Musée Réattu, Arles
Jusqu’au 15 mai 2022
Il y avait l’été dernier, sur la fontaine de la Place Royale surplombée par la statuaire antique de Neptune au cœur de Nantes, cette étonnante installation sculpturale de l’étrave d’un navire charriant hors des eaux les remugles de l’histoire d’une ville mêlés au souffle de l’antiquité. Ce «Voyage de Neptune» résumait alors les préoccupations d’Ugo Schiavi par cette confrontation du contemporain avec les canons de l’antiquité mais aussi sa volonté d’inscrire l’œuvre en relation avec un lieu et son histoire.
L’archéologie s’accorde à l’étymologie quand à la racine des choses ou d’un site répond celle d’un mot. «Gargareôn», de son origine grecque désigne la gorge et par extension la gargouille. Ugo Schiavi s’empare de celle-ci dans le Musée Réattu en Arles, établi dans l’ancien Grand Prieuré de l’Ordre de Malte. Passé et présent se contaminent alors mutuellement tout à la fois par un dialogue subtil et une déflagration de sens pour penser l’histoire à partir des collisions de matières et de formes. A la gloire passée des statues, des ornements architecturaux et de leur symbolique, l’artiste oppose le pouvoir de l’actuel, de l’hybride, la fragmentation du monde, les déchets, le plâtre, le béton ou la résine. Il fait littéralement rendre gorge au décoratif, aux discours allégoriques et à leurs normes pour mettre à plat les transformations qui s’opèrent au sein de l’espace public ou du musée.
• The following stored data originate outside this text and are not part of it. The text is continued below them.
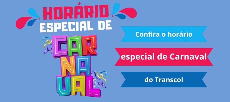 No sábado (1º) e domingo (02), os ônibus funcionarão com quadro horário normal de Sábados e Domingos, com reforço de Verão. Na segunda-feira de Carnaval, as linhas rodarão com quadro horário de Sábado e algumas linhas com quadro de horário de dias atípicos; enquanto na terça-feira, as linhas vão operar com quadro horário de feriado. Em ambos os dias haverá reforço de Verão.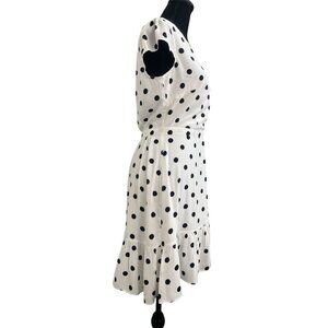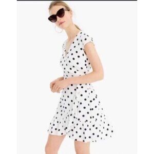 J. Crew Ruffle Front Faux Wrap Mini Dress in White Polka Dot Size 2 NWT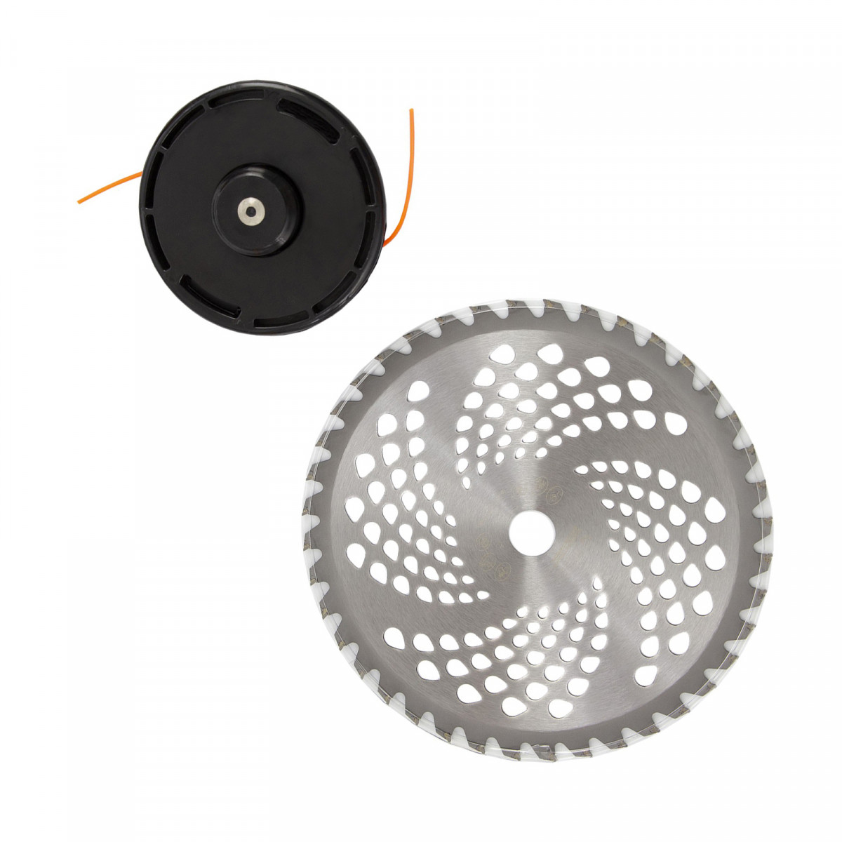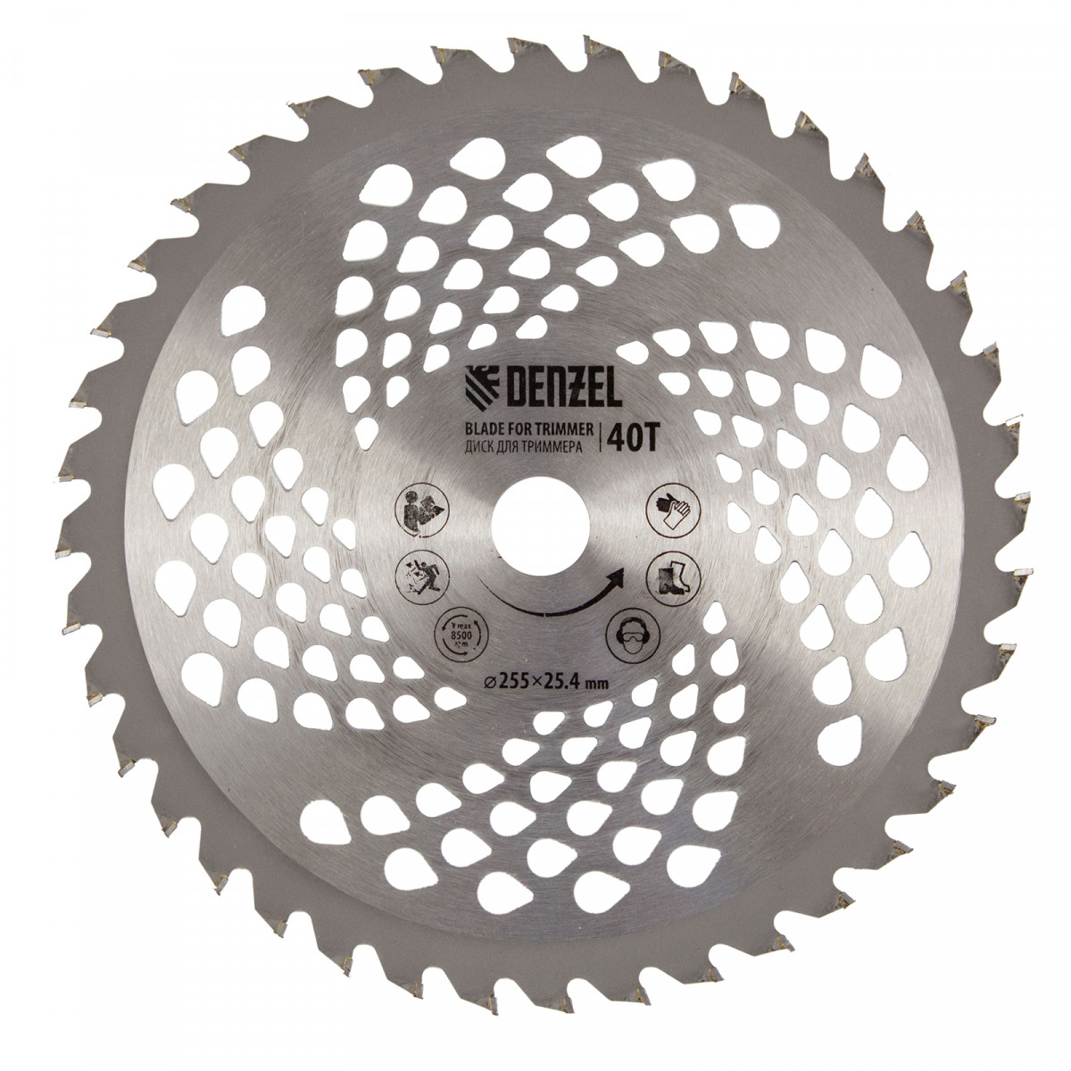 • Дополнительные возможности — можно приобрести и установить на триммер диски Denzel 96323, 96325 для быстрого удаления растительности с жесткими стеблями (полыни, крапивы, лебеды), 96328 для скашивания молодых побегов кустарника диаметром до 3 мм.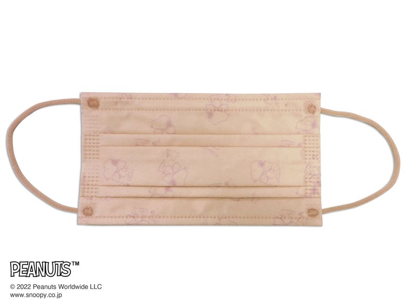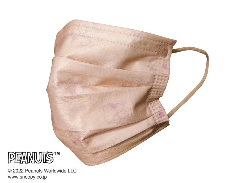 メイクをする感覚で着用でき、マスクがチークのような血色感や華やかさを演出。さらに微光沢のある生地がハイライト効果を引き出します。同系色でさりげなくプリントされたスヌーピーが、大人可愛い印象をもたらします。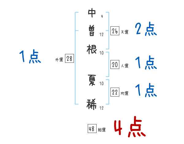 外運![]() | 中曽根夏稀さんの外運は28画の1つ星!家庭環境に注意。スポーツで活躍できる能力があるかも。 生活面を象徴する運勢です。外部から受ける影響力を表し、結婚運、家庭運や職場、環境への順応性を表します。 |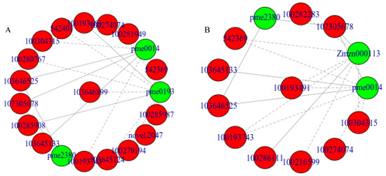 Correlation network analysis of differential genes and differential metabolites. Note: (A) shows the network diagram of differentially expressed genes and differentially metabolized glyoxylate and dicarboxylate metabolism (ko00630) after B144 low-temperature stress. (B) shows the network diagram of differentially expressed genes and metabolized glyoxylate and dicarboxylate metabolism (ko00630) after Q319 low-temperature stress. Metabolites are marked in green, and genes are marked in red. Solid lines represent positive correlation, and dashed lines represent negative correlation.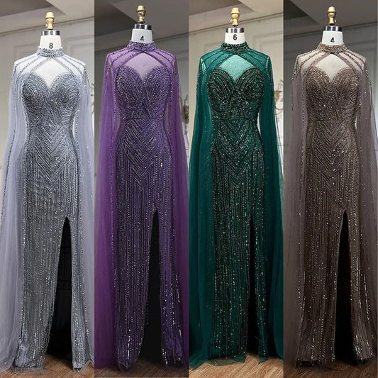Vestidos de noche de sirena color caramelo con mangas capa, vestidos de fiesta árabes de lujo con cuentas 2025 para mujer LA72053A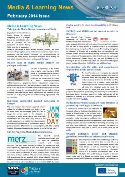 Highlights include the dates of the Media and Learning Conference 2014, news about the MEDEAnet spring webinar series programme, an article about a study into the Media Environment of Japanese Schools by Sachiko Imaizumi Kodaira, an article by Carol Summerside on Scaling-up lecture capture – a perspective from Newcastle University, an article about Supporting primary school students with their writing in the ‘City of Film by Franziska Florack and plenty of other news, notifications and announcements related to the use of media in education and training.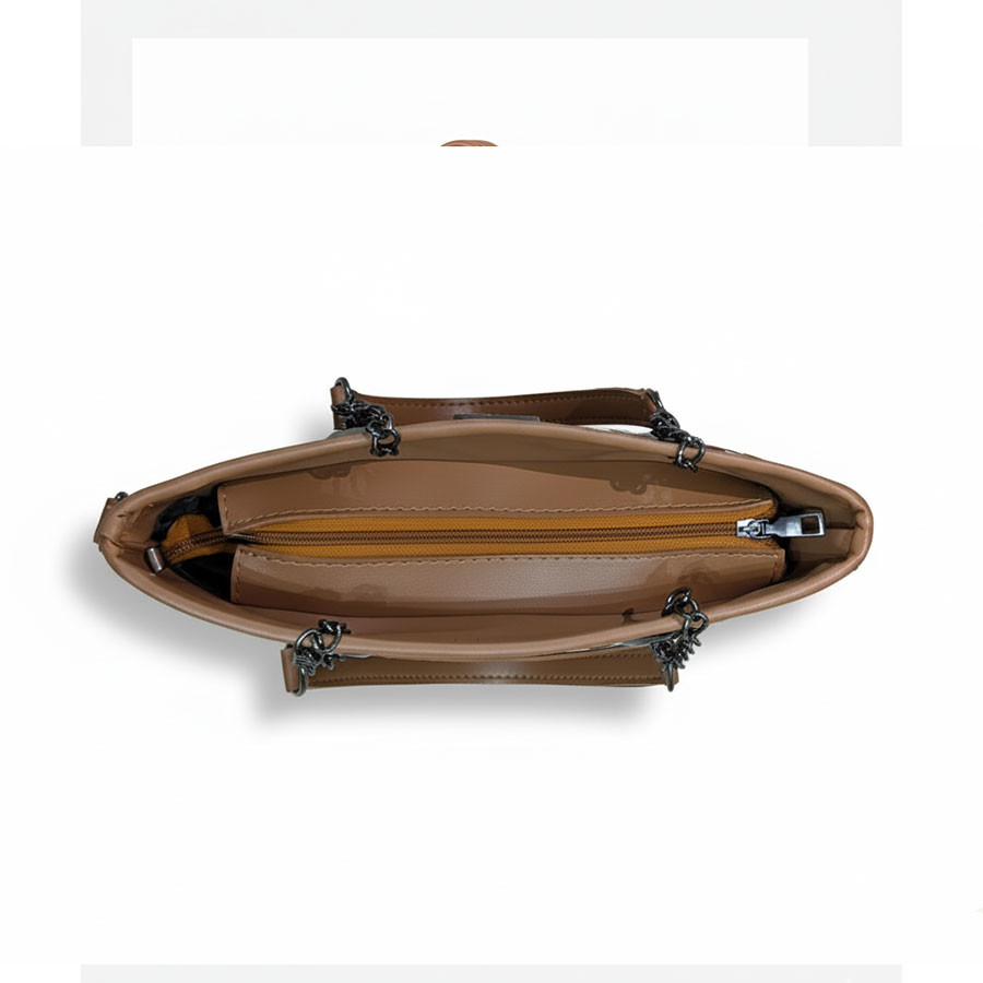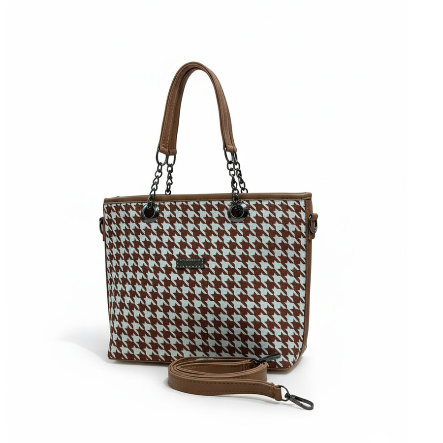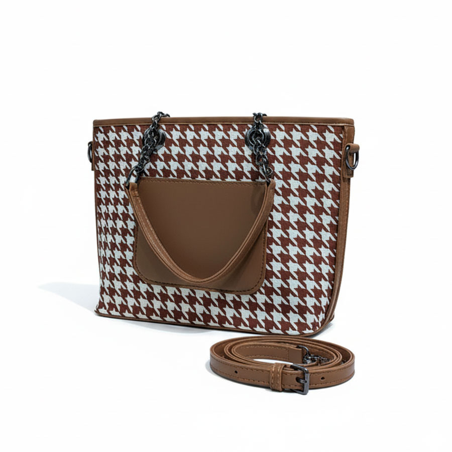 Discover the perfect blend of style and functionality with the Brown Chain Tote. Crafted for the modern, fashion-conscious woman, this tote features a timeless classic pattern that adds a touch of sophistication to any outfit. The sleek chain handles provide a chic, contemporary edge, while the spacious interior ensures you can carry all your essentials comfortably. Whether for daily errands, work, or special occasions, this tote effortlessly complements your look, offering luxury, versatility, and practicality in one refined accessory. Elevate your wardrobe with a bag that’s as elegant as it is functional.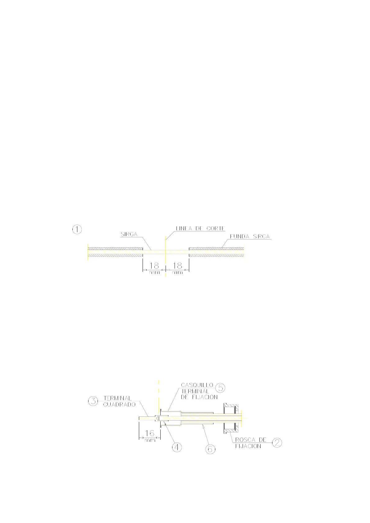 − A fixing ring (item 2) must be put in each of the two edges of the cable. The square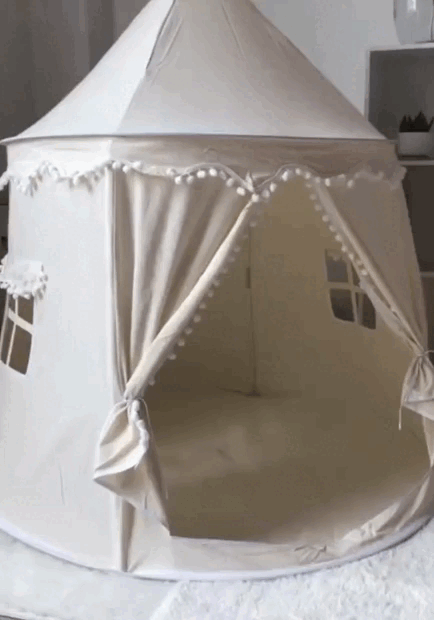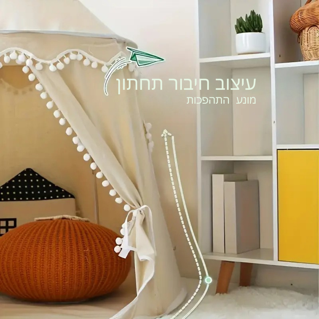 צורת אוהל: עיצוב טריאנגולרי עם נושא טירה כיפי.

En dépit des apparences, il ne s’agit pas là d’une nouvelle esthétique des ruines mais plutôt d’une construction à partir d'un conflit inhérent à la notion d’Histoire. Décombres et formes nouvelles surgissent d’un seul et même mouvement et Ugo Schiavi en prélève les indices dans cette machinerie du temps pour les greffer sur les mutations de leur lieu d’apparition. Des moulages de figures antiques côtoient de nouvelles chimères comme pour nous alerter sur la fragilité des certitudes, de celles qui ne vivent que le destin des mots et des choses quand l’oubli se dispute à une relecture avec toute sa part de fiction. C’est celle-ci que l'artiste écrit comme un miroir incertain du monde d’aujourd’hui. Et si l’art contemporain était ce point de convergence mouvant entre le réel et l’imaginaire?